Enhancing our fears of the unknown: Camera angles and perspective in horror games

By Bjørk Myklebust-Mogen

Image: Darkwood (2014), Acid Wizard Studio

 

It’s easy to forget the existence of the camera when you’re playing games, isn’t it? Its purpose, it seems, is to simply disappear out of sight and out of mind. The camera is just the way we experience the world, and yet it is also the way we experience the world. Without a camera, there’d be no game — no visual game, at least — yet year after year the camera sinks further into the background. Gone are the days of Resident Evil’s fixed camera angles and Doomguy’s inability to look up, and as such all games nowadays, especially horror titles, all opt for more or less the same camera solutions. Obviously there are differences in perspective, but within those perspectives the ways in which the camera is controlled and placed are largely homogenous. It seems we’ve all collectively agreed for the past 20 years to place a third person camera over the shoulder or right behind the character. Is this necessary, though? Does the camera and the perspective it conveys have to be passive and compliant, or can it be used as a tool to benefit the game, and horror in particular?

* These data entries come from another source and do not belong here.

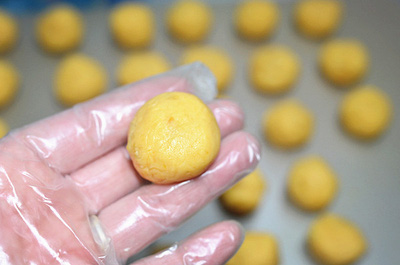 Vo tròn viên bột lại, bạn làm tương tự với những viên bột còn lại.
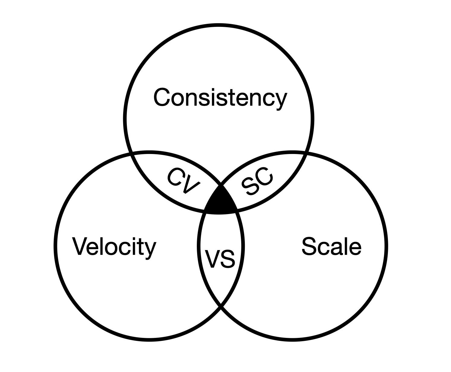 If you want Consistency and Scale, you need massive coordination overhead. Your Architecture team becomes a bottleneck. Everything queues. Velocity becomes a joke.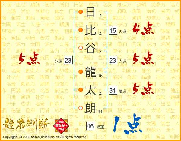 日(4画)比(4画)谷(7画) 龍(16画)太(4画)朗(11画)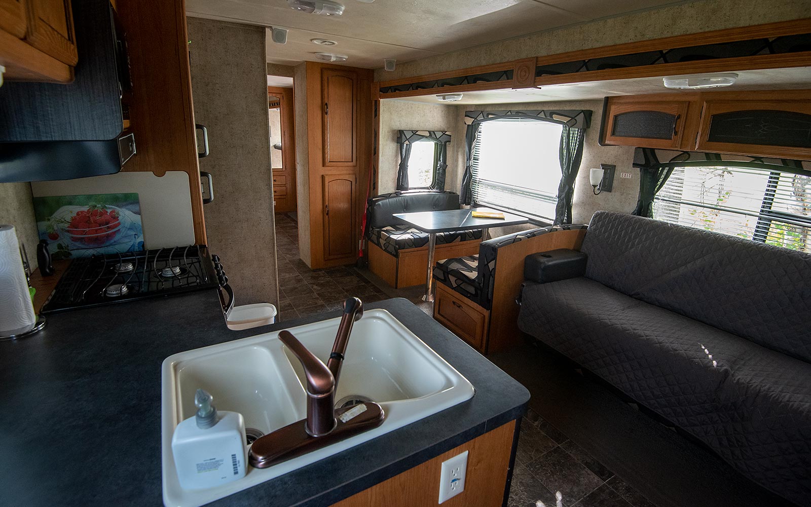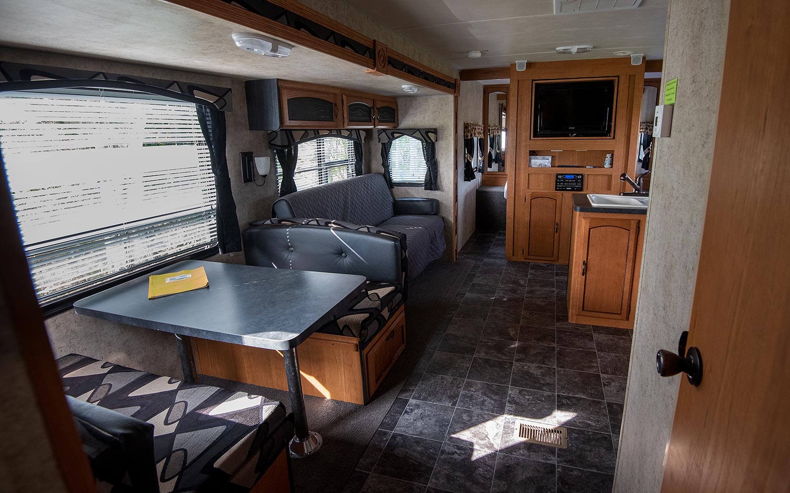 Simpson’s Cavendish Trailer Rentals do not allow the use of trailer awnings. Instead, each trailer is provided with a pop-up tent shelter. If a pop-up shelter is damaged or broken, a fee of $150 CAD will be charged for replacement.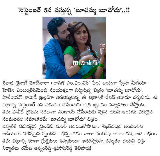 సెప్టెంబర్ 5న రానున్న బూచమ్మ బూచోడు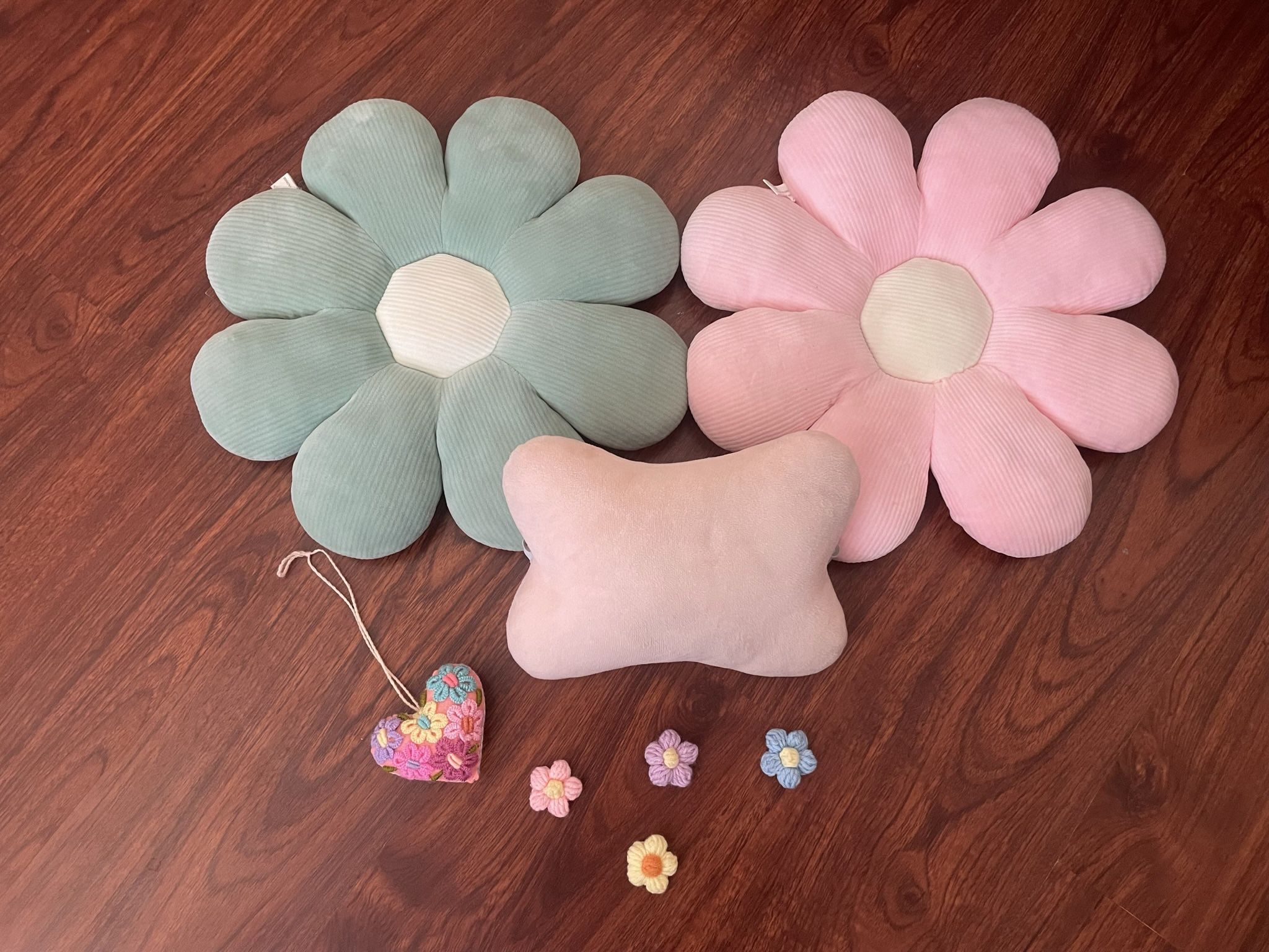 Flower pillows -neck pillow - small crochet flowers - mirror decor Good condition , they need to be cleaned up ! Pick up only 67th Ave and McDowell
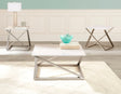 Mixed media with a clean contemporary style, the Zurich 3 pc Occasional Table Set features knife-edge faux marble tops with an asymmetrical metal base that is as interesting as it is functional. The eye-catching design is sure to bring a fresh, updated look to your space. Your purchase includes one cocktail table and two end tables.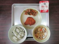 【本日の献立】牛乳・中華めん、みそラーメンのスープ、えびシューマイ、チンゲンサイのツナ炒め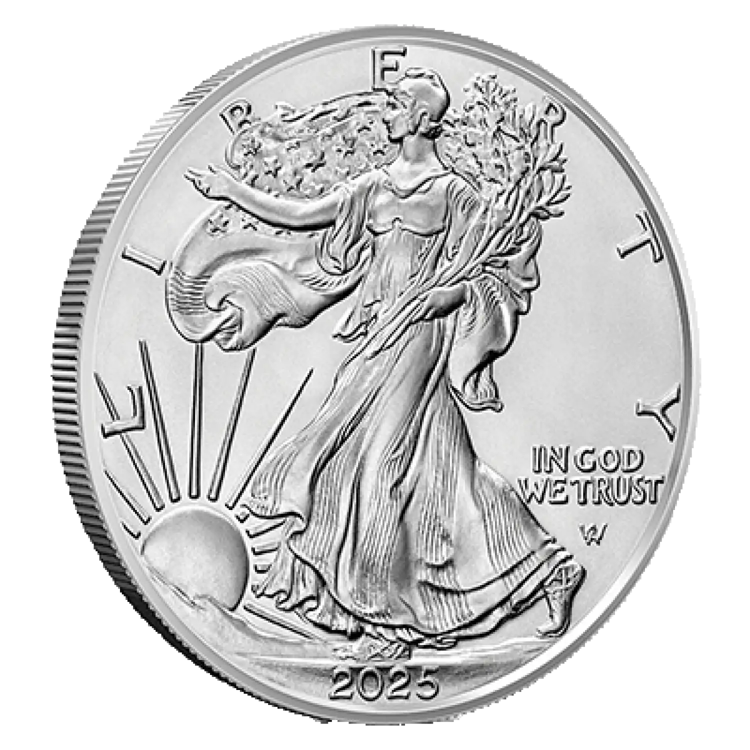 The obverse of the 2025 American Silver Eagle Coin features the legendary Walking Liberty design, created by Adolph A. Weinman. This timeless design depicts Lady Liberty walking gracefully towards the sun, exuding freedom and confidence. Her folds of the American flag draped over her shoulders, while her right hand extends outward, grasping a bundle of olive branches. The obverse also bears the inscriptions "LIBERTY" and "IN GOD WE TRUST."
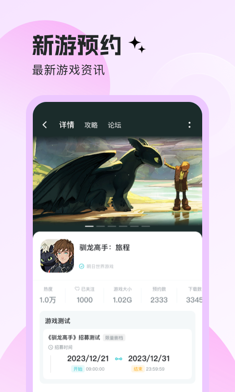 明日之星是一款专为游戏爱好者打造的官方交流社区应用,让你随时随地与志同道合的伙伴零距离互动,轻松分享攻略心得和游戏日常,还能抢先获取最新资讯和惊喜福利。你可以畅游专属游戏频道,参与热门话题讨论,寻找版本答案,享受高效实用的工具支持,让游戏体验更上一层楼。无论是新手还是资深玩家,都能快速上手,操作时间灵活自由,无需复杂步骤就能融入这个充满活力的社区。
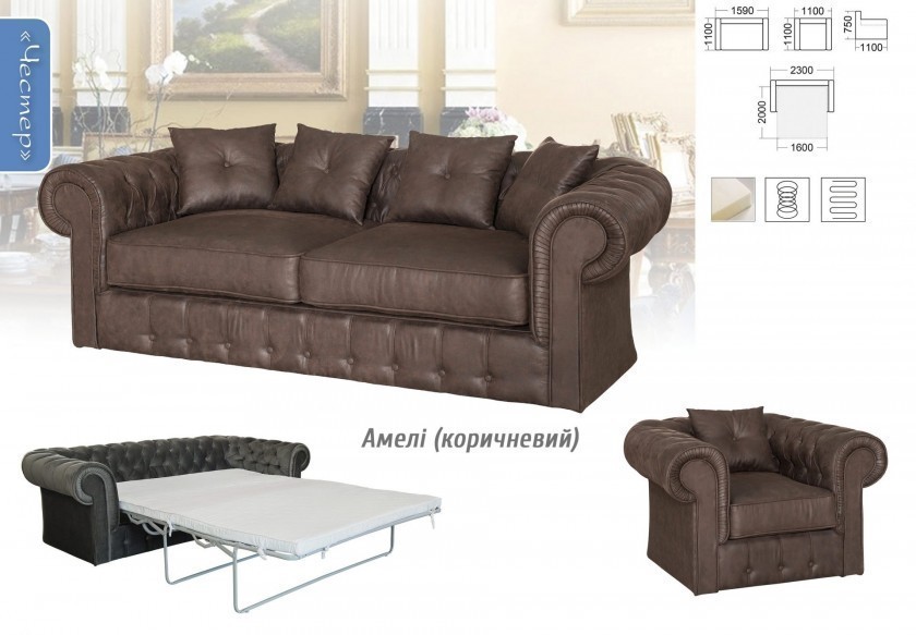 | Честер 2ка нерозкладний | Амелі коричневий | 750/1590/1100 | 8330 | 54 |

Image: Resident Evil 1 (1996), Capcom

 

Resident Evil’s (1996) particular choice of camera, that being fixed angles portraying one screen at a time, is itself a result of hardware limitations. The game is the first in the now well-established franchise in which you shoot zombies, run around a huge spooky mansion, try to cram a million things in your inventory at once, and solve lots of puzzles of varying quality, and as such the developers had to get a bit creative with how they realized this vision; without blowing the Playstation 1 to bits. To do this they opted to use pre-rendered backgrounds. These were layered below the characters and enemies to give the illusion of 3D, without having to render anything in real time. In order to switch screens, the player simply walks to the edge of the screen, before a hard-cut to the next pre-rendered background.

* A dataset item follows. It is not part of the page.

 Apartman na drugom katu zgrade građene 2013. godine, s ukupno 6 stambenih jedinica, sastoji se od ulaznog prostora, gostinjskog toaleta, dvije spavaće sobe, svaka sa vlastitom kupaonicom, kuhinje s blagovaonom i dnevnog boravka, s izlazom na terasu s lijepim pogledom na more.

Image: Silent Hill 1 (1999), Konami

The downside with pre-rendered backgrounds, however, is that the faux 3D effect only works from the angle it was created, meaning the player can’t be free to move the camera on their own or it would ruin the illusion. It is maybe a bit ironic, then, that this faux 3D mansion has me just as tense as any modern Resident Evil I’ve played. And I think this system has helped with the overall vision of the game, despite being born of technical limitations. In an interview with Wildstorm magazine in 1998, director of Resident Evil 1 Shinji Mikami, when asked about his goals with the game, stated that «The player had to feel scared, as if something was waiting for him around the next corner.» And that is precisely what I end up feeling when wandering the jump-cutting halls of RE1. Every transition to the next screen is rough and brutal, turning each new room into its own mini jumpscare. Even though there’s really nothing there most of the time, you get the feeling as if there could be, and when there actually is it’s all the more terrifying.

 

Image: Darkwood (2014), Acid Wizard Studio

 

«Sure, Bjørk», you might be thinking now.»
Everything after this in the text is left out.